● **Goal of the exercise**:
All of the entries need to be printed again exactly; pictures are the only thing to omit.

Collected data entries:
━━━

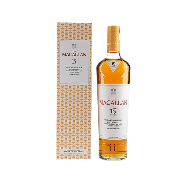 The Macallan 15 Year Old Colour Collection 700ml, a smooth whisky aged in sherry-seasoned oak casks from Jerez de la Frontera, Spain. Infused with citrus, vanilla, and baked peach notes, this natural beech-colored whisky is the perfect balance of new make spirit and exceptional cask maturation.
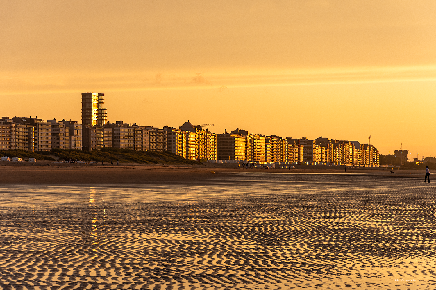Experience the transformation of Heist with this impressive evening portrait. The sky turns a fiery orange at sunset, casting the new skyline and the iconic Heldentoren in a powerful silhouette against the horizon. In the foreground, the warm light reflects on the wet beach, where the delicate ripples in the sand create a beautiful graphic pattern. This artwork captures the perfect harmony between modern architecture and the timeless elements of nature, bringing a warm, luxurious ambiance to any interior.
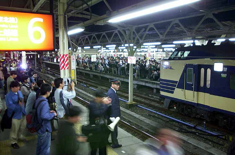 583が上京してくるってんで、魔がさして見物に行ってみたら…先日のお召しなんかよりよっぽどスゴイんじゃないスかねぇ?というくらいの砲列、そして笛と怒号の渦。折しも6番線からE231の中電が発車寸前、メガホン持った駅員氏も気が気じゃなさそう。いやマッタク、どなた様もご苦労様であります<(_ _)ゞ。 『想いでの583系はつかり号』@上野駅 2001.4.28/Kodak DC3800
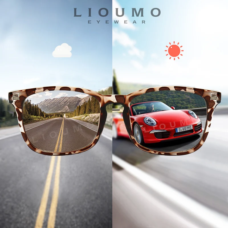 Мужские и женские фотохромные солнцезащитные очки LIOUMO, квадратны...
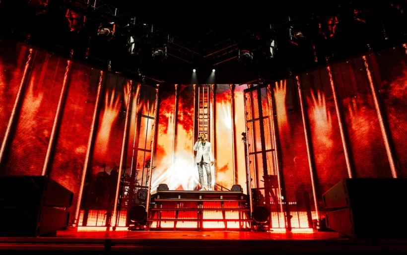Duran Duran began their set with the full production: playing a short film of some otherworldly astronauts on the two large moving screens as the stage began to fill with a dense fog. Fans cheered on as original members Roger Taylor (drums), John Taylor (bass), Simon Le Bon (vocals), and Nick Roades (keys) take center center-stage silhouetted by the bright lights. The band members took to their instruments bringing the new wave music of “Night Boat” and leaving singer Simon on top the steps with an eerie red glow of visuals of hands reaching out. From the floor, the stage felt even bigger than the previous two acts, with the drums and keys masked behind the screens on the now on the stage rather than suspended. They kicked up the tempo with “Hungry Like the Wolf” early in the set. Taylor could be seen powerfully moving around the stage joining touring guitarist, Dominic Brown, hyping up the crowd with the flare of their guitars.
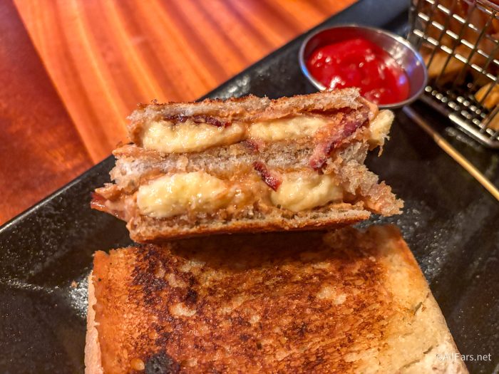 This is 100% for everyone who grew up on banana and peanut butter sandwiches. It’s filled with gooey peanut butter, soft bananas, crispy bacon, and then sandwiched between two beautifully done pieces of bread. However, it could likely be too sweet for a lot of people — it felt a bit more like a dessert to us!
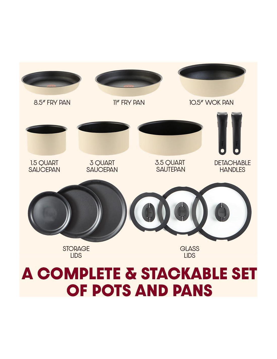 - ¡Regala la alegría de la eficiencia del espacio! El diseño apilable ahorra hasta un 60% más de espacio en comparación con los juegos de mangos fijos de T-fal. Este juego todo en uno para cocinar, hornear y servir es ideal para cocinas pequeñas, RV y otros espacios limitados.
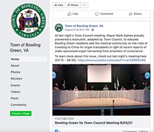 進一步決議,通知鮑靈格林鎮和附近地區的居民和醫療界,有關前往中國進行器官移植的風險,以幫助制止居住在當地的公民無意間成為(中共)國家認可的活摘良心犯器官行徑的共謀;
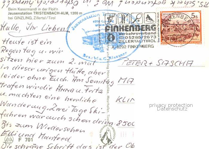 72786564 alte Postkarte Ginzling Jausenstation Tristenbach-Alm postalisch gelaufen Erhaltung siehe scans [LiesaD40] KatCode: 11390335070920
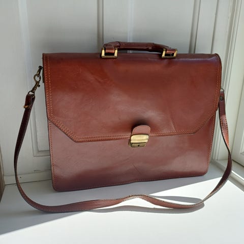 Brun lædertaske, lidt slidt. 36x26 cm

━━━

● **Your response**:
 The Macallan 15 Year Old Colour Collection 700ml, a smooth whisky aged in sherry-seasoned oak casks from Jerez de la Frontera, Spain. Infused with citrus, vanilla, and baked peach notes, this natural beech-colored whisky is the perfect balance of new make spirit and exceptional cask maturation.
Experience the transformation of Heist with this impressive evening portrait. The sky turns a fiery orange at sunset, casting the new skyline and the iconic Heldentoren in a powerful silhouette against the horizon. In the foreground, the warm light reflects on the wet beach, where the delicate ripples in the sand create a beautiful graphic pattern. This artwork captures the perfect harmony between modern architecture and the timeless elements of nature, bringing a warm, luxurious ambiance to any interior.
 583が上京してくるってんで、魔がさして見物に行ってみたら…先日のお召しなんかよりよっぽどスゴイんじゃないスかねぇ?というくらいの砲列、そして笛と怒号の渦。折しも6番線からE231の中電が発車寸前、メガホン持った駅員氏も気が気じゃなさそう。いやマッタク、どなた様もご苦労様であります<(_ _)ゞ。 『想いでの583系はつかり号』@上野駅 2001.4.28/Kodak DC3800
 Мужские и женские фотохромные солнцезащитные очки LIOUMO, квадратны...
Duran Duran began their set with the full production: playing a short film of some otherworldly astronauts on the two large moving screens as the stage began to fill with a dense fog. Fans cheered on as original members Roger Taylor (drums), John Taylor (bass), Simon Le Bon (vocals), and Nick Roades (keys) take center center-stage silhouetted by the bright lights. The band members took to their instruments bringing the new wave music of “Night Boat” and leaving singer Simon on top the steps with an eerie red glow of visuals of hands reaching out. From the floor, the stage felt even bigger than the previous two acts, with the drums and keys masked behind the screens on the now on the stage rather than suspended. They kicked up the tempo with “Hungry Like the Wolf” early in the set. Taylor could be seen powerfully moving around the stage joining touring guitarist, Dominic Brown, hyping up the crowd with the flare of their guitars.
 This is 100% for everyone who grew up on banana and peanut butter sandwiches. It’s filled with gooey peanut butter, soft bananas, crispy bacon, and then sandwiched between two beautifully done pieces of bread. However, it could likely be too sweet for a lot of people — it felt a bit more like a dessert to us!
 - ¡Regala la alegría de la eficiencia del espacio! El diseño apilable ahorra hasta un 60% más de espacio en comparación con los juegos de mangos fijos de T-fal. Este juego todo en uno para cocinar, hornear y servir es ideal para cocinas pequeñas, RV y otros espacios limitados.
 進一步決議,通知鮑靈格林鎮和附近地區的居民和醫療界,有關前往中國進行器官移植的風險,以幫助制止居住在當地的公民無意間成為(中共)國家認可的活摘良心犯器官行徑的共謀;
 72786564 alte Postkarte Ginzling Jausenstation Tristenbach-Alm postalisch gelaufen Erhaltung siehe scans [LiesaD40] KatCode: 11390335070920
 Brun lædertaske, lidt slidt. 36x26 cm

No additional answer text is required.